Friday, March 5, 2010

The Tenth Fleet

I recently read an article by Paul Furber in a local IT publication - ITWeb Brainstorm Magazine, Volume 9, Issue 06, February 2010, [itweb.co.za] with the title "People: the forgotten power-house for change" wherein Malcolm Gladwell, author of Blink, The Tipping Point and Outliers uses the story of the US Navy's Tenth Fleet to illustrate the power of people that could change the way organisations do business. Malcolm Gladwell told this story whilst speaking on the power of real-time analytics during an IBM conference in the US.

I liked this article because it spoke directly to what I believe the true mandate of HR is in the information age - to assit the organisation to create, share and apply knowledge continuously - also known as the process of innovation.

Malcolm Gladwell mentioned the fact that when the US was losing millions of tons of shipping to the German U-Boats in World War 2, the Navy urgently started to look for solutions to the problem. The conclusion of its investigative efforts indicated to the fact that it had adequate intelligence capacity in the operational theatre - it was breaking enemy communication codes, it tracked the U-Boats successfully, and interrogated enemy captives, but it had nobody that tracked these sets of information, integrated it and then made sense of it! To make matters worse, they did not share the information they already had throughout the all the structures and commands of the Navy.

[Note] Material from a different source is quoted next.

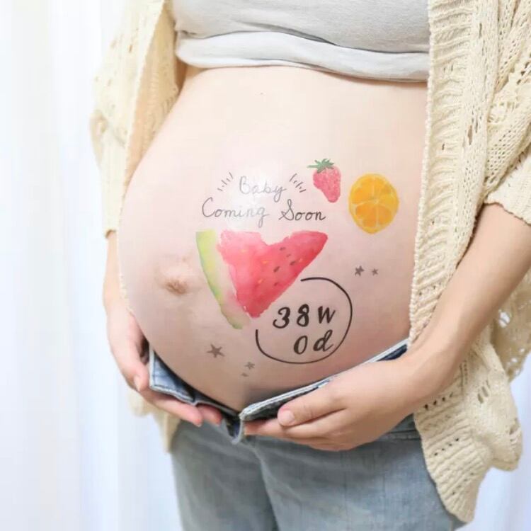 マタニティ、マタニティフォト、ベリーペイント、マタニティペイント、ボディーシール、タトゥーシール、お腹、シール、安産祈願、妊婦、フルーツ、いちご、スイカ、ピーチ、オレンジ、ぽっく、ギフト、ベビーシャワー、プレゼント

So the Navy put together the Tenth Fleet - it still exists - an information analytics group that gathers this information and interprets it. When this unit started to master the integration of the various information they received, within weeks the battle for the Altantic seas was won and the US controlled that Ocean therein untill the end of the war.

What makes the story important is that it wasn't about leadership or resources or knowledge but about setting up a group that could make sense of the information and by using social power to communicate it effectively to that organisation. Malcolm reminded the attendees of the conference that they were the Tenth Fleet of their organisations - they could reframe their problems, leverage their social power and commmunicate their knowledge to others, then transformation becomes possible.

HR organisations can be transformed by the HR people themselves if they accept full ownership of their customers, the quality of their services, their business processes, their data & information as well as their applications. Only then will they be able to create or combine, share and apply knowledge to the benefit of the organisation as a whole.

HR cannot possible try to fulfil a more strategic role/ mandate if it has not taken full accountability for its comprehensive architecture and the integration of the various dimensions or layers in that architecture!